Dear … well. I don’t know your name.

But I don’t really need to know it. Because after you had the courage to share your story with my colleague Courtney Tanner, I feel like I know some more important things; like that you are brave, dedicated and seem to have tremendous support from those around you.

I also have a sense of the hurt and frustration you’re feeling and I want you to know — on behalf of myself and so many other people moved by your story — you’re not alone.

Being a teenager is challenging enough already, and I can’t claim to know what it is like to have the added pressures and scrutiny of being a transgender girl. I haven’t been in that fishbowl.

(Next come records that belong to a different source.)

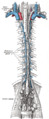 The thyroid gland and its relations. (Right subclavian vein visible at bottom left, left subclavian vein visible at bottom right.) | |
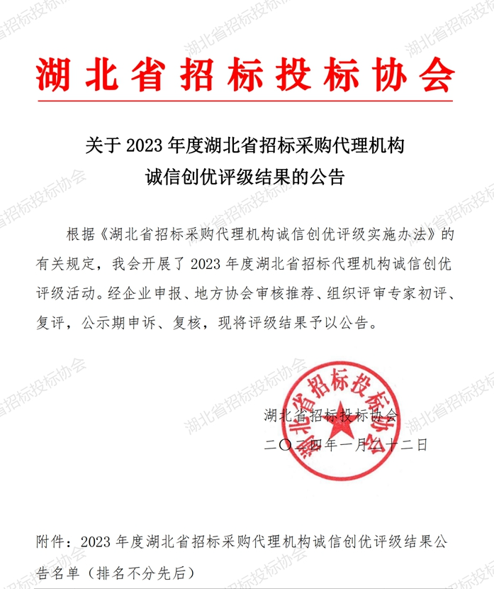 近日,鼎正憑借誠(chéng)信的經(jīng)營(yíng)理念、良好的企業(yè)信譽(yù)和優(yōu)質(zhì)的服務(wù)質(zhì)量,榮獲由湖北省招標(biāo)投標(biāo)協(xié)會(huì)認(rèn)定的最高等級(jí)“招標(biāo)采購(gòu)代理機(jī)構(gòu)信用評(píng)價(jià)AAA級(jí)信用企業(yè)”稱(chēng)號(hào)。
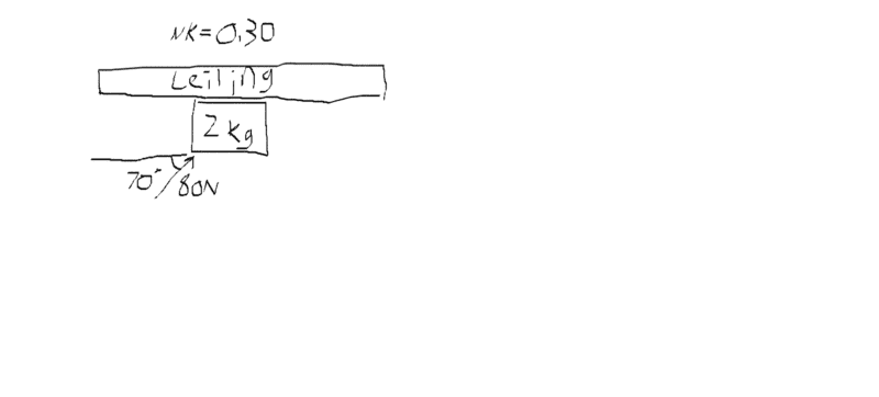 The discussion revolves around creating a free body diagram for a 2kg block being pushed against a ceiling by an angled force of 70 degrees. The participants are focused on identifying the forces acting on the block and their respective directions.
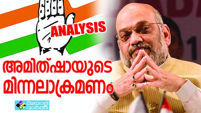 അമിത്ഷായുടെ മിന്നലാക്രമണം; അമിത്ഷായുടെ മിന്നലാക്രമണത്തിൽ പ്പെട്ട് കേരളത്തിലെയും കേന്ദ്രത്തിലെയും കോണ്ഗ്രസ് നേതൃത്വം
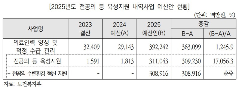 그러면서, 장기간에 걸쳐 지속되고 있는 의정 갈등 영향으로 인해 전공의 복귀 및 수련 참여가 불확실한 상황에 예산안이 편성된만큼 사업 계획의 추진가능성과 사업예산 규모의 적정성에 대한 면밀한 검토가 필요하다고 했다.

I do know what it’s like to live in the pool. I spent more than a decade doing what you do, stroke after stroke, lap after lap, trying to whittle a few fractions of a second off my time before the next meet.

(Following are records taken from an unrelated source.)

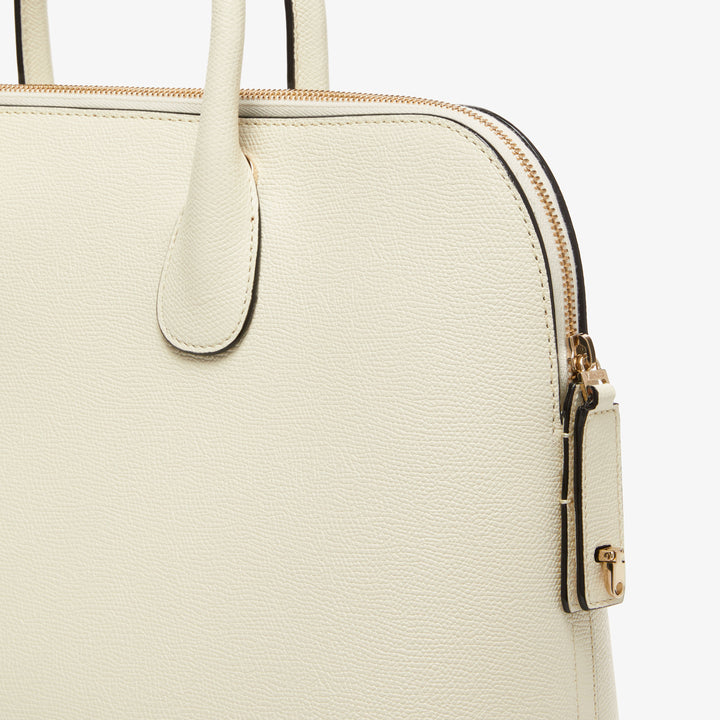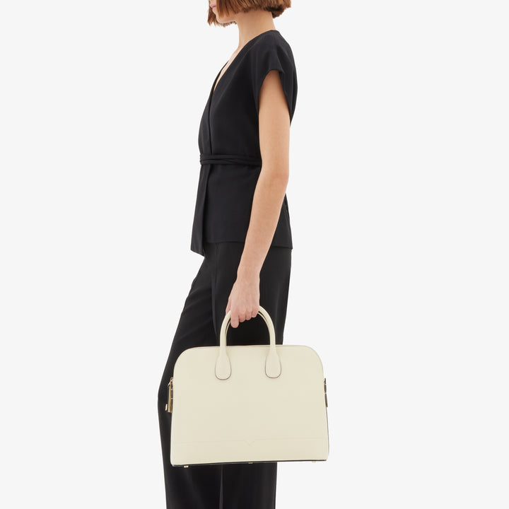 ダブルハンドルで快適に持ち運べ、シグネチャーである漆黒のコスタエッジとグレーのスエードライニングが、洗練された仕上がりを演出します。タイムレスでありながらモダン──それは、時代を超えて愛されるラグジュアリーレザーのアイコンです。
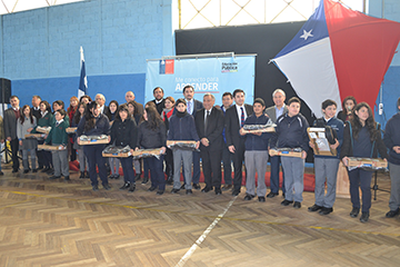 En el gimnasio del Liceo República Argentina de Coyhaique el Intendente Jorge Calderón Nuñez encabezó hoy martes 22 el lanzamiento del programa “Me Conecto para aprender” en la regiónde Aysén con la primera entrega de computadores con recursos educativos y conectividad a niños y niñas que cursan 7º básico en escuelas y liceos públicos.
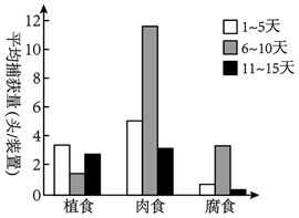 18.(1)6-10天肉食动物和腐食动物的平均捕获量显著增加,植食动物平均捕获量明显减少
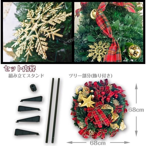 ツリー部分のすべてがネット状に編み込まれ、豪華なオーナメントも全てツリーに装飾済みです。設置は、組み立てたポールの上からかぶせるだけで完了します。
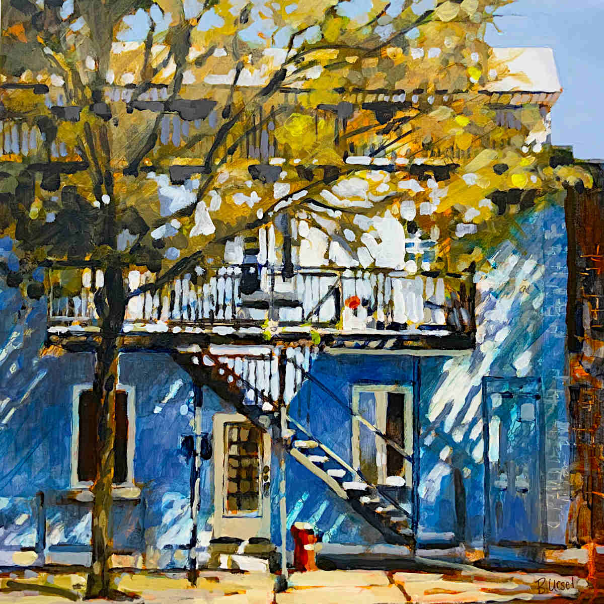 Original acrylic painting on canvas by Barbara Ursel - street scenes of Montreal's neighbourhoods, light and shadows cast over buildings.
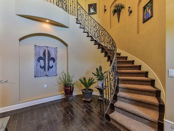 This stunning home in the highly desirable Seven Oaks at Grand Island features 4 bedroom and 3.5 bathrooms. The flawless curb appeal and beautiful landscaping is sure to amaze. The front door opens to a beautiful wrap around staircase leading to the 3 upstairs bedrooms and the media room. The media room is equipped with a sink, microwave and surround sound making it an ideal guest suite or great for entertaining family and friends. The private master suite is located downstairs in addition to an office and spacious kitchen with a beautiful island, stainless steel appliances double ovens, two sinks and granite counter tops. Formal dining, a breakfast nook, and a large outdoor covered patio are sure to make the space welcoming for large gatherings. Added bonuses include 2 balconies, a laundry chute, 2 tankless water heaters and the home is wired for an intercom system. This turnkey home has it all!!!!! Seller states actually square footage is 3967
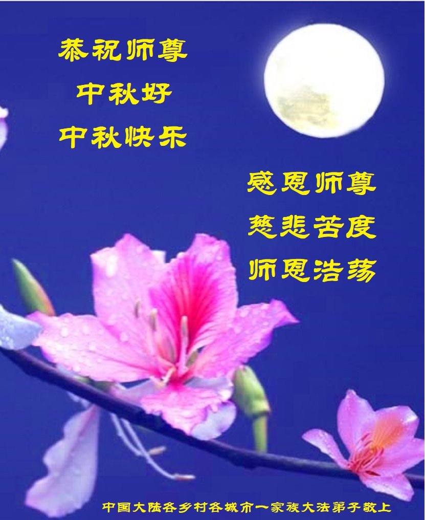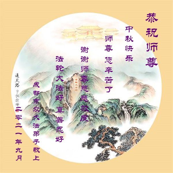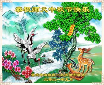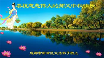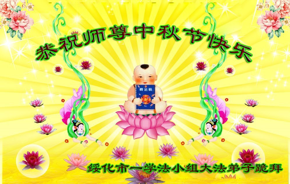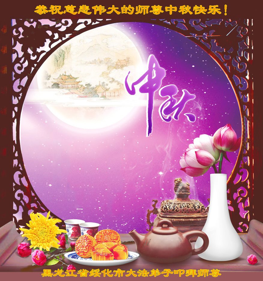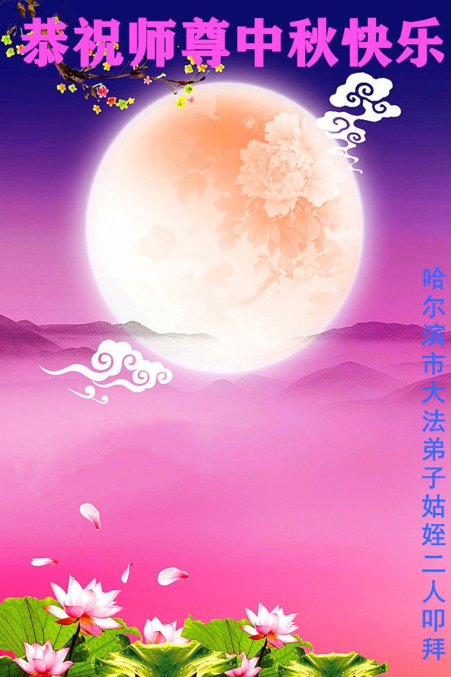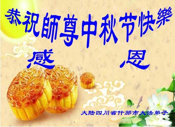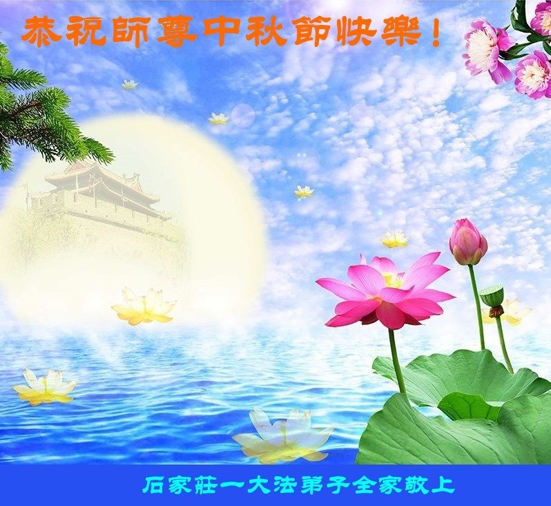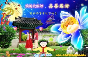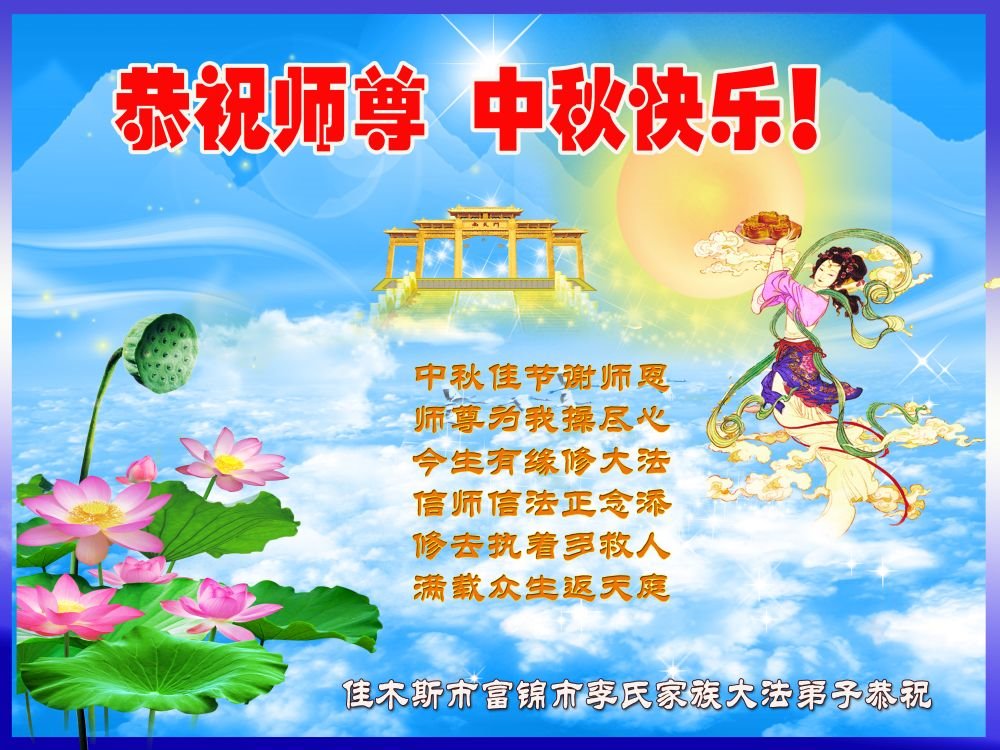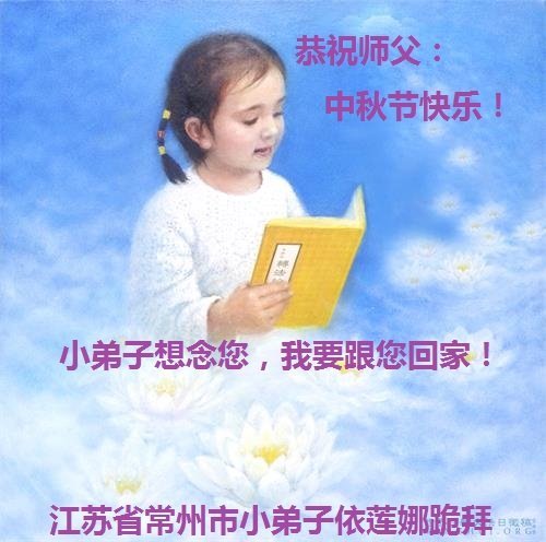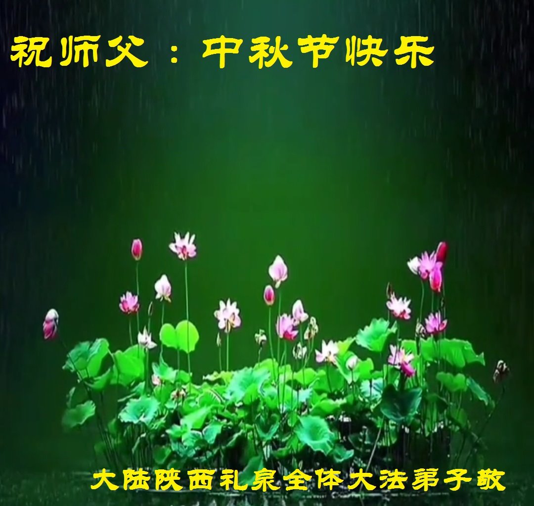 脑中装着大法,生命就有了希望,心中装着众生,再苦也不觉的辛劳,感恩师尊将法轮大法的法理捧到了我们的面前,赋予我们大法弟子的神圣荣光。每逢佳节倍思亲,值此中秋佳节即将来临之际,衷心遥祝师尊中秋节快乐!愿法轮大法好的佛光普照人间!

A lot like you, I loved those friendships with my teammates and the adrenaline rush that comes with the competition. And I loved the serenity I felt gliding through the water. All the noise went away.

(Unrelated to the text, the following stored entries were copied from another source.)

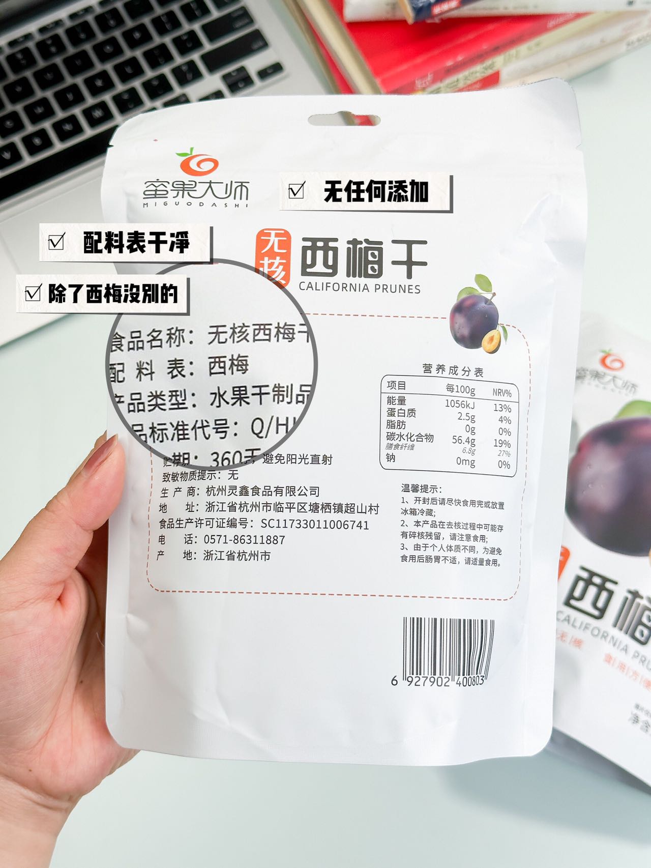 好西梅,梅添加:加州无核西梅干的配料表超级简单,就只有西梅。吃起来保留着原始风味,自然纯净,一家老小都能放心了吃
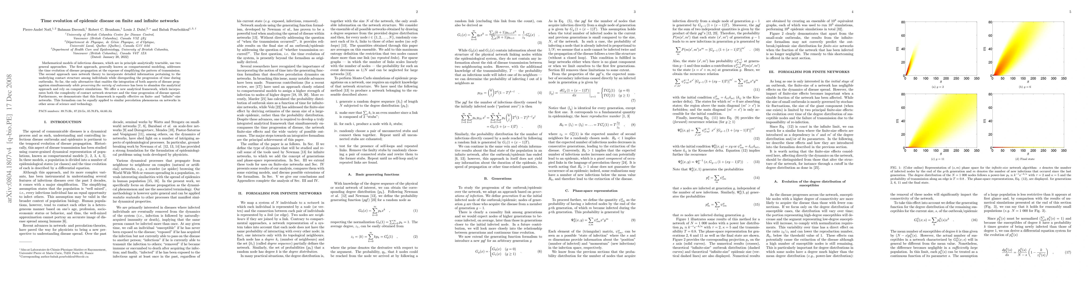 Mathematical models of infectious diseases, which are in principle analytically tractable, use two general approaches. The first approach, generally known as compartmental modeling, addresses the time evolution of disease propagation at the expense of simplifying the pattern of transmission. The second approach uses network theory to incorporate detailed information pertaining to the underlying contact structure among individuals while disregarding the progression of time during outbreaks. So far, the only alternative that enables the integration of both aspects of disease propagation simultaneously while preserving the variety of outcomes has been to abandon the analytical approach and rely on computer simulations. We offer a new analytical framework, which incorporates both the complexity of contact network structure and the time progression of disease spread. Furthermore, we demonstrate that this framework is equally effective on finite- and "infinite"-size networks. This formalism can be equally applied to similar percolation phenomena on networks in other areas of science and technology.
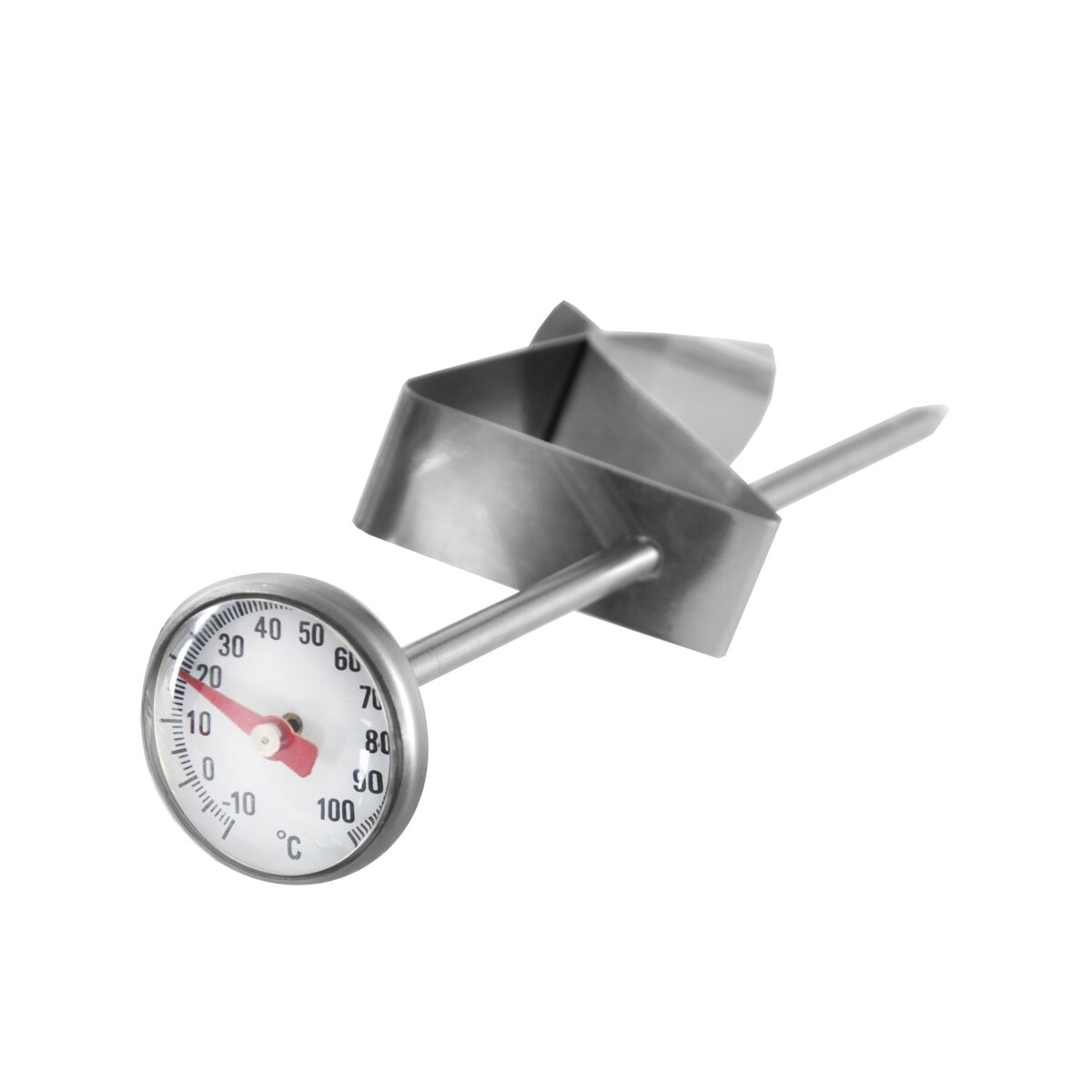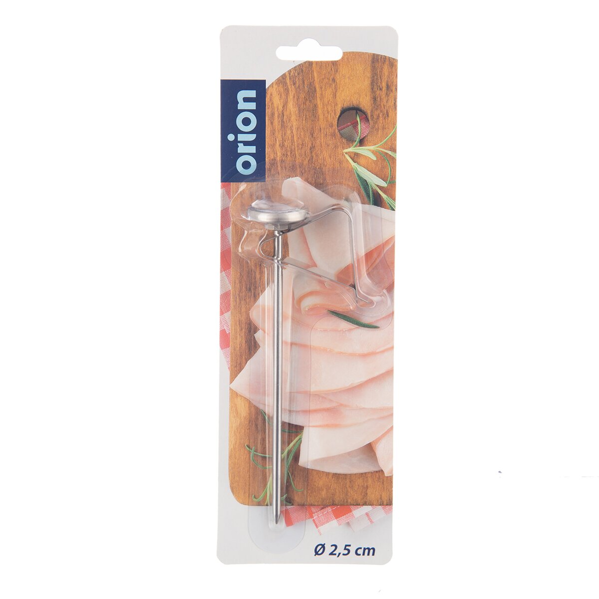 Kód produktu 152846Okrúhly nerezový teplomer do mäsa s priemerom ciferníka 2,5 cm. Meria teplotu v rozsahu -10 °C až +100 °C. Súčasťou je aj praktický klip.

That noise has probably been harder to silence since the Republican Legislature passed a hateful bill intended to keep you from competing in high school sports. The voices of people you’ve never met debating your future and questioning your worthiness must stick in your head.

I understand why you quit swimming and that being in the water now is “not the same” as it was.

I felt your pain when you told Courtney that, “Now the state is saying I’m not girl enough to compete … And that really hurts. Because I am. I am girl enough.”

It’s more than you should have to bear, and the last thing you need is another adult who looks like me and doesn’t know your journey telling you what you should do. But I hope you get back in the pool.

You are a powerful girl who deserves to do what you love. Every kid deserves that, whether it’s swimming or running or swinging a racquet or a club.

If it brings you joy, don’t let them take that away. I recognize some callous so-called leaders in this state are trying to do that.

I hope those lawmakers read your story and felt the hurt they have caused you and other nameless girls in this state, and that they carry their shame.

This ban will be stopped. The ACLU will file a lawsuit in the near future and the courts will block the ban from being enacted. Even those trying to exclude you acknowledge that will happen.

The fact that they knew that and chose to inflict pain on kids who just want to play a sport so these politicians could score some points in an election year adds to the cruelty of it. Being singled out like this must feel like an unfair burden — because it is.

The truth is there is a remarkable community of people who support you — from your remarkable mother to your coaches to the lawyers fighting for justice to the governor of the state. If you walk away from swimming, they will understand and have your back.

And if you get back in the pool — which I would see as triumphing over narrow-minded hate — know that they’ll be there to cheer you on to victory.

I’ll be cheering for you, too, even if I never know your name.